The Universal Translator is basically magic. TOS came closest to describing how it works, and it boiled down to, “IDK man it does some brain scans to detect your language structure”. There’s no satisfying answer as to why it knows the “Washington State Bridge” is a combination of a proper noun, a geopolitical concept, and a general noun.
In Enterprise, the Universal Translator is generally depicted as a modern miracle of technology, but one without useful internal intelligence. If it hears a few snippets of Romanian, it’s just going to start brute forcing a translation matrix with every technique it has at its disposal. More speech gives it more data to work with, but it’s still just cycling through its options.
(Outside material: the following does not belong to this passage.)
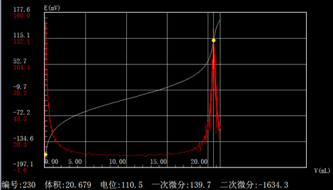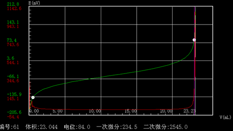 此化學(xué)反應(yīng)突躍明顯,設(shè)置在“中”mV量在100~150mV之間。#p#分頁標(biāo)題#e#

Sato’s familiarity with xenolinguistics allows her to aid the Universal Translator by narrowing the system’s options or directing it down specific paths. She doesn’t know or learn the alien languages in the traditional sense, but she’s shown for having a knack for picking up on patterns and syntax. Again with the Romanian example, she’s doing the alien equivalent of saying, “This sounds European, skip trying to translate this as an Asian language for now”. The Universal Translator has fewer options to run through and gets to a successful translation matrix faster.
But again, it’s plot contrivance space magic.